Source information:
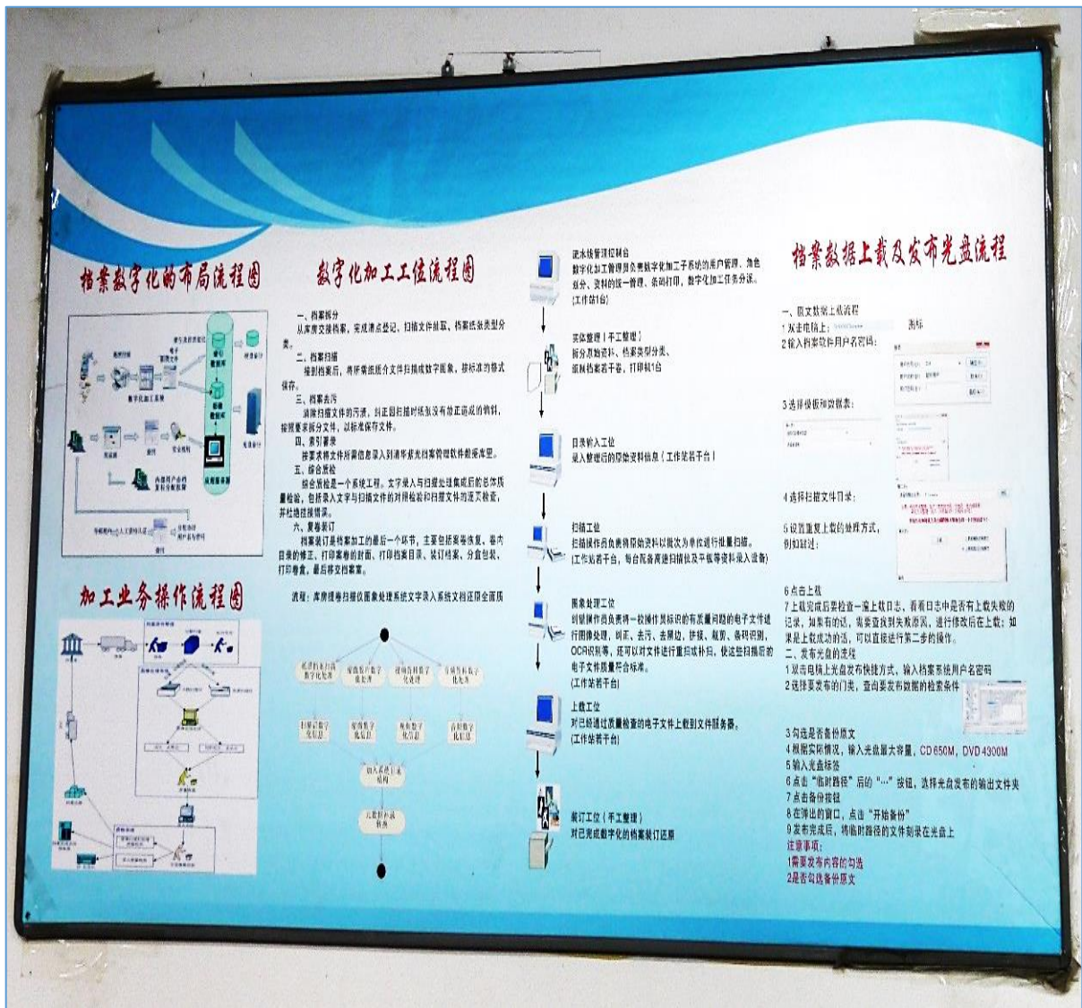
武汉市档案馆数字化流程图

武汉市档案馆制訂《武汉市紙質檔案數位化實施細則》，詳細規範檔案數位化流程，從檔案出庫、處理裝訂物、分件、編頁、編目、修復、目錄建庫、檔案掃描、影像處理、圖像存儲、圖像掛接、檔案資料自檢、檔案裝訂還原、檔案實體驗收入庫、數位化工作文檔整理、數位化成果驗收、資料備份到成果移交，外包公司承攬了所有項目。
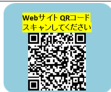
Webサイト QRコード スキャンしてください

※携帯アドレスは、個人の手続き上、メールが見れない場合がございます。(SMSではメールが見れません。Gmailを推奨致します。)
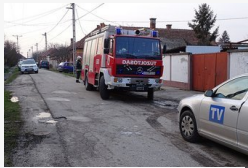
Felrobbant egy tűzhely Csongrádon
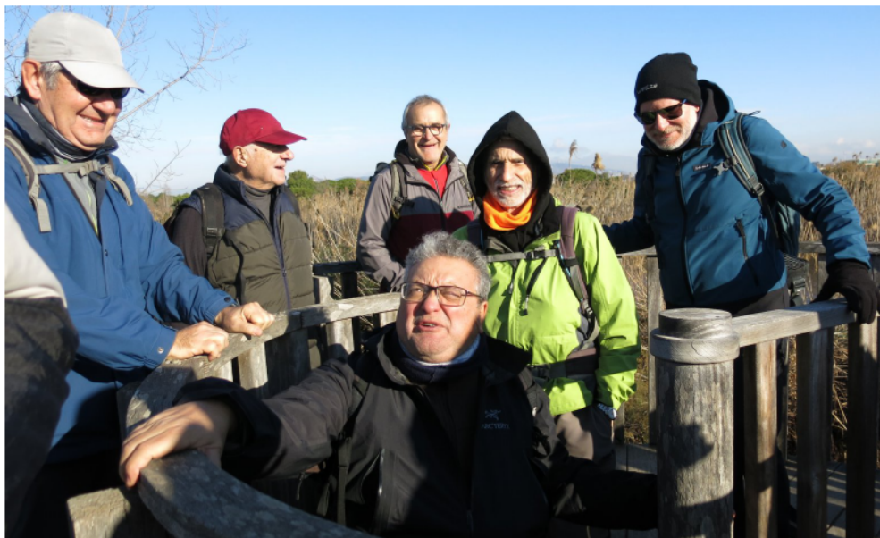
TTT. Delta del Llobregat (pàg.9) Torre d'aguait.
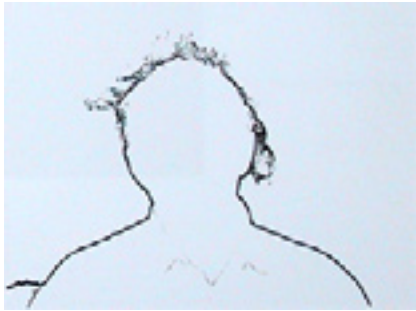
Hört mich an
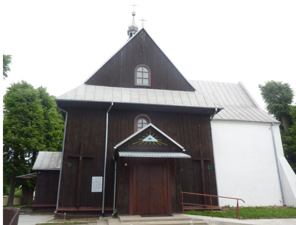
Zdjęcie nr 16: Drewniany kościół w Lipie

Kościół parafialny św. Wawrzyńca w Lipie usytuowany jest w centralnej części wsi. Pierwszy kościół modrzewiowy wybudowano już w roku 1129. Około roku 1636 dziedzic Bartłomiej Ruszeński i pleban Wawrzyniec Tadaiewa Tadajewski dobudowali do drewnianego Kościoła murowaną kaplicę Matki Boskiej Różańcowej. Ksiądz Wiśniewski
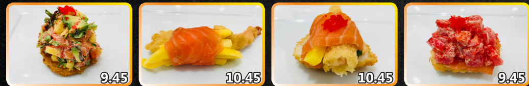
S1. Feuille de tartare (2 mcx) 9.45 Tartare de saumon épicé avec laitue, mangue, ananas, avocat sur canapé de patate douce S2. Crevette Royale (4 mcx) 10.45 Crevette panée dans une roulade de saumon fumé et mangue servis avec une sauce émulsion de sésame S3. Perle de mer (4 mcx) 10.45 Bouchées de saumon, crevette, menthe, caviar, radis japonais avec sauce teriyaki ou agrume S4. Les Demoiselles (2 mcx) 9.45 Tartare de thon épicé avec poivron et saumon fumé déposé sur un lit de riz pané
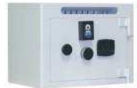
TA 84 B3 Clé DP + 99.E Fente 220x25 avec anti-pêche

The task:
The full listing above, duplicated exactly and without its pictures, is the answer.

Result of this task:
武汉市档案馆数字化流程图

武汉市档案馆制訂《武汉市紙質檔案數位化實施細則》，詳細規範檔案數位化流程，從檔案出庫、處理裝訂物、分件、編頁、編目、修復、目錄建庫、檔案掃描、影像處理、圖像存儲、圖像掛接、檔案資料自檢、檔案裝訂還原、檔案實體驗收入庫、數位化工作文檔整理、數位化成果驗收、資料備份到成果移交，外包公司承攬了所有項目。
Webサイト QRコード スキャンしてください

※携帯アドレスは、個人の手続き上、メールが見れない場合がございます。(SMSではメールが見れません。Gmailを推奨致します。)
Felrobbant egy tűzhely Csongrádon
TTT. Delta del Llobregat (pàg.9) Torre d'aguait.
Hört mich an
Zdjęcie nr 16: Drewniany kościół w Lipie

Kościół parafialny św. Wawrzyńca w Lipie usytuowany jest w centralnej części wsi. Pierwszy kościół modrzewiowy wybudowano już w roku 1129. Około roku 1636 dziedzic Bartłomiej Ruszeński i pleban Wawrzyniec Tadaiewa Tadajewski dobudowali do drewnianego Kościoła murowaną kaplicę Matki Boskiej Różańcowej. Ksiądz Wiśniewski
S1. Feuille de tartare (2 mcx) 9.45 Tartare de saumon épicé avec laitue, mangue, ananas, avocat sur canapé de patate douce S2. Crevette Royale (4 mcx) 10.45 Crevette panée dans une roulade de saumon fumé et mangue servis avec une sauce émulsion de sésame S3. Perle de mer (4 mcx) 10.45 Bouchées de saumon, crevette, menthe, caviar, radis japonais avec sauce teriyaki ou agrume S4. Les Demoiselles (2 mcx) 9.45 Tartare de thon épicé avec poivron et saumon fumé déposé sur un lit de riz pané
TA 84 B3 Clé DP + 99.E Fente 220x25 avec anti-pêche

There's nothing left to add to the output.